Jean-Jacques Velasco of France, Nick Pope of the UK, and General Ricardo Bermúdez of Chile have all headed small government agencies within their own countries that worked full-time on investigating UFO cases. They, among others writing in the pages that follow, describe their innovative work on behalf of their governments, and the impact such close-up work with the UFO phenomenon has had on their lives. In countries around the world, witnesses and investigators such as these are very aware of the need for greater participation by the United States, and are now coming together to address that problem.

Whether they have set up specific offices for UFO investigation or not, many governments have accumulated massive amounts of UFO case documentation over the decades and the public has placed great emphasis on gaining the release of these official files.

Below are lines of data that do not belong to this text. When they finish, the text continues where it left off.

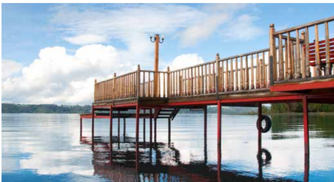
Llanquihue See, Chile

Genießen Sie Natur pur, wenn Sie entlang Chiles Seenplatte durch das pittoreske Fischerdorf Angelmo nach Puerto Varas fahren. Nach einer kleinen Stadtrundfahrt durch Puerto Varas, bei der Sie auch den Markt für Handwerkskunst besuchen, fahren Sie entlang des Lago Llanquihue in die deutsch geprägte Stadt Frutillar. Die Hauptattraktion hier ist das Museo Colonial Alemán, das deutsche Einwanderermuseum mit einer Ausstellung über die deutsche Besiedlung ab dem 19. Jahrhundert. PCM 04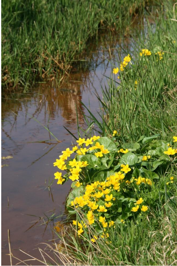
Dotterbloemen langs de Ziegenbeek

gemaakt onze projecten te realiseren en door te gaan met het maken van nieuwe plannen. Met vriendelijke groet,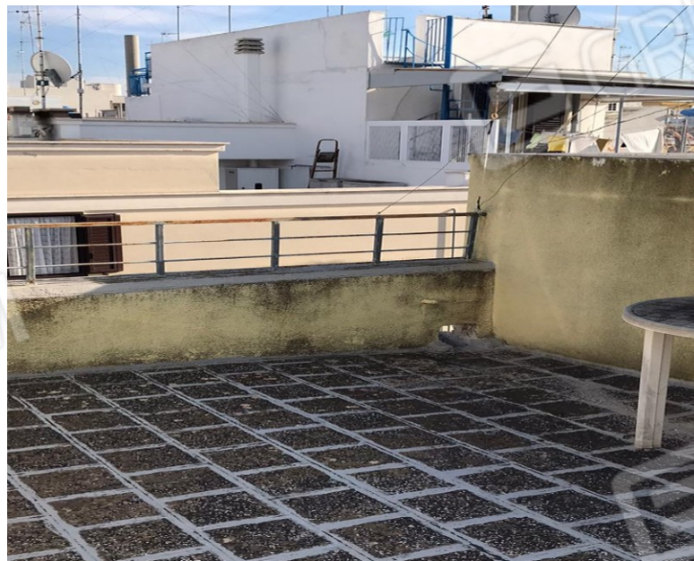
Vedute del lastrico solare.

Tribunale di Bari - Sez. Esecuzioni Imm.ri - Procedura n. R.G.E. 90/2023- G.E. Dott.ssa Cavallo.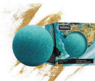
Млечный путь 135гр 650тг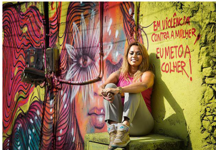
Fig. 9. Grafite apreciado da artista Panmela Castro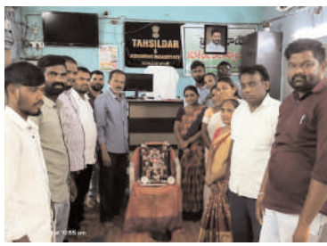
మహబూబనగర్లో, మహాదేవపూర్, ఏప్రిల్ 26 (జనంసాక్షి).

In recent years, as if part of a trend toward greater transparency, unprecedented numbers of these documents have been declassified and made public for the first time. Since 2004, the governments of Brazil, Chile, France, Mexico, Russia, Uruguay, Peru, Ireland, Australia, Canada, and the United Kingdom have released once-secret files, and in 2009 even Denmark and Sweden joined the trend by releasing over 15,000 files each. However, none of these new records have changed our overall understanding of the phenomenon, beyond confirming that the same events occur around the world and that the behavior of the objects, and often of the governments responding to them, has been repeated over and over. Unfortunately, there has been little forward motion in terms of actually solving the mystery, and the acquisition of even more documents is not the answer.

In fact, government investigators have by and large been limited by the fact that all they’ve been able to do so far is learn as much as possible after a single event is
over
. Without greater resources, not much can be done except for the filing of reports, year after year. Letters from civilians about isolated, often questionable sightings are also added to the aggregate, making up a large proportion of the released pages. Although often fascinating, government documents no longer reveal anything new, and the thousands and thousands of pages have not led to a major breakthrough in understanding. The most sensitive files—the intelligence reports that are concerned with more serious national security implications and likely deeper investigations and analysis—will not be declassified and released. No long-awaited “smoking gun” document has surfaced.

I believe that a demand for the release of yet more files—even in the United States—is no longer a useful focus. It’s an interesting sidetrack, but it does not speak to the heart of the problem. Undue emphasis on seeking further release of documents could even prolong the international stalemate we now face, and give governments a way out through claims that they have done their part by declassifying files or will be doing so in the near future.